_Records for the exercise:_
↓↓↓

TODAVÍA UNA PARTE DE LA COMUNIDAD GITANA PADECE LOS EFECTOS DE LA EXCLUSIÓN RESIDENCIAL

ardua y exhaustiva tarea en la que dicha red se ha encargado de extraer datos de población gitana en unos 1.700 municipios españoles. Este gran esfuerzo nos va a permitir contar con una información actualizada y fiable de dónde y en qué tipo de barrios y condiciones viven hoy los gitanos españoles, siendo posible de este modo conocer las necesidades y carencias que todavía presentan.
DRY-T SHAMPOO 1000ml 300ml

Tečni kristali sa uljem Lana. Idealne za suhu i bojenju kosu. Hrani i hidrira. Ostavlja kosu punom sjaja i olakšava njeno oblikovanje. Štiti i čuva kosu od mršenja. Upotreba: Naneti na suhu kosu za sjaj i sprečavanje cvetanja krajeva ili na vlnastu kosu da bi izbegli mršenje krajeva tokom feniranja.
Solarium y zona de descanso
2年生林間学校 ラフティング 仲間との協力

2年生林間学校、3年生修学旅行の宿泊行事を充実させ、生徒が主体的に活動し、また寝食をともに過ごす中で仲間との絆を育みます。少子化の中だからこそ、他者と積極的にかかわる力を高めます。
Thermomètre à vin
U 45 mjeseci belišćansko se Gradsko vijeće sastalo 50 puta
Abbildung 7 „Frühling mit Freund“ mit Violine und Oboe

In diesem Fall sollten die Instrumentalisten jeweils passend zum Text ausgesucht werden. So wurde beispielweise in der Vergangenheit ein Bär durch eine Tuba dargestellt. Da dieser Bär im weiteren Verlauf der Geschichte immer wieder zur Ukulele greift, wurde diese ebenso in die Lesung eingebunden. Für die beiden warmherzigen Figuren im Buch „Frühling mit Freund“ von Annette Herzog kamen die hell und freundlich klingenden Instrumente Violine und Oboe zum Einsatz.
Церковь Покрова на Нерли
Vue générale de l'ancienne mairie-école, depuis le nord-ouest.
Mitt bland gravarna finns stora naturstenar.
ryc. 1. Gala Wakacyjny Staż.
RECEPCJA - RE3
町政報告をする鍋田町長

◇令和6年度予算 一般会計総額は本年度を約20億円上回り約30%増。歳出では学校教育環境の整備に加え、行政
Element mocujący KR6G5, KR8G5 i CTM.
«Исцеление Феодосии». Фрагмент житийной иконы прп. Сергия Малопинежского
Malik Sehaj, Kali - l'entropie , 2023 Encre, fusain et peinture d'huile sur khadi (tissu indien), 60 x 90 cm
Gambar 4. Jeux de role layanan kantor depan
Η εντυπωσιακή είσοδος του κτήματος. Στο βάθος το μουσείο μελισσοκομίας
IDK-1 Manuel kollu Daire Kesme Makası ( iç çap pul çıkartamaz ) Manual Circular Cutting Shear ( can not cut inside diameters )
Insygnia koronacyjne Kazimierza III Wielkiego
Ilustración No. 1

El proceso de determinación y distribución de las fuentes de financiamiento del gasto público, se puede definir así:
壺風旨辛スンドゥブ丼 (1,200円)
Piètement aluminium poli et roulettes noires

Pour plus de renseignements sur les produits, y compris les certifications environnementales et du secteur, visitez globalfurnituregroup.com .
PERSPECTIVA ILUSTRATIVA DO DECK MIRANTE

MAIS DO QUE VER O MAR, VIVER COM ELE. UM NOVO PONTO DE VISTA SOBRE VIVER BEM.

↑↑↑

_Task details:_ Only the lines above starting at the line that holds "Mitt bland gravarna finns stora naturstenar." and ending at the line that holds "прп. Сергия Малопинежского" are to be repeated, exactly and in full.

_Problem solution:_
Mitt bland gravarna finns stora naturstenar.
ryc. 1. Gala Wakacyjny Staż.
RECEPCJA - RE3
町政報告をする鍋田町長

◇令和6年度予算 一般会計総額は本年度を約20億円上回り約30%増。歳出では学校教育環境の整備に加え、行政
Element mocujący KR6G5, KR8G5 i CTM.
«Исцеление Феодосии». Фрагмент житийной иконы прп. Сергия Малопинежского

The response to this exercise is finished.